В этой книге будет много «Я». Причина тому — не эгоизм, а стремление наиболее полно выразить собственную точку зрения. И потом, согласитесь: любые произведения мемуарного типа отдают эгоцентризмом, порой граничащим с самовозвеличением. Вам не нравится, что в каждом втором предложении — местоимение «Я»? Так автор и пишет о самом себе, о своих жизненных перипетиях, о своих взлётах и падениях, о своих друзьях и врагах, возлюбленных и недоброжелателях! И разве отдельная личность не представляет собой нечто достойное внимания? В каждом индивидууме можно увидеть нечто типическое. Возможно, мне удастся продемонстрировать некоторые тенденции, которым подвержена современная молодёжь. Как поётся в одной шуточной песенке:

Щас полно таких, как я,

Не ругайте их зазря,

А то скоро пожалеете об этом!

Дабы не задеть ничьих чувств, обещаю сразу: вы не встретите на страницах этой книги ни названия посёлка, где я обитал целый год, ни, тем более, подлинных фамилий тех, с кем я работал и кого пытался учить. Это обычный посёлок, каких тысячи в нашей стране, населённый обыкновенными людьми. Не хочу никого оскорблять. Но и снисходительно облагораживать не собираюсь.

Учителям свойственен некий профессиональный идеализм, а, точнее, профессиональное лицемерие и даже профессиональная слепота. «Сначала любить, потом учить!» — гласил лозунг, висевший в учительской одной из нижегородских гимназий — той самой, где я проходил педпрактику на пятом курсе. (Пусть каждый поймёт этот лозунг в меру изощрённости собственной фантазии.)

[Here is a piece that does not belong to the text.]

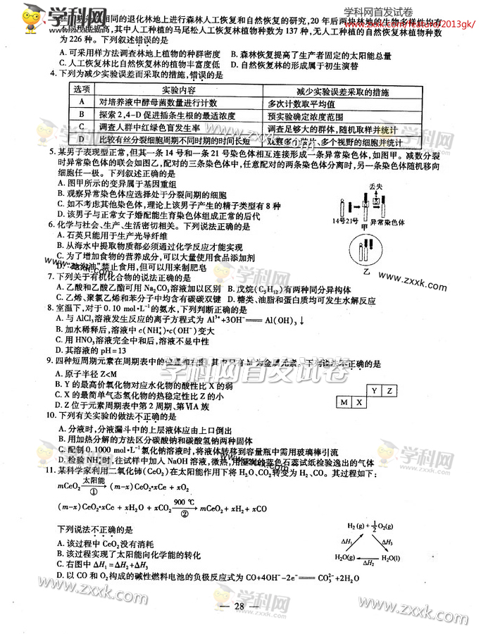 2013年福建高考理综卷试题及答案图片版(2)

Пожалуй, стоит отвлечься и немного рассказать об упомянутой гимназии, точнее, об одном из её 9-х классов. Этот класс дважды появлялся на одном из центральных телеканалов. Первый раз — в связи с уроками «чести и достоинства», или как там это у них называлось. Суть уроков состояла в разыгрывании сценок следующего содержания: мальчик напрашивается домой к девочке под разными предлогами, надеясь к ней поприставать — девочка же наоборот, придумывает отказы. «На улице дождь, пойдём к тебе домой?» «Не надо, я лучше тебе зонт вынесу, вернёшь, как только сможешь». Хорошие уроки, нужные. Правда, все они не стоят одной-единственной упаковки презервативов, предусмотрительно положенной в кармашек любимой дочке или сыну. Учиться пользоваться этой резиновой дрянью надо начинать с детства. Я вот постиг сию науку не сразу и с большим трудом.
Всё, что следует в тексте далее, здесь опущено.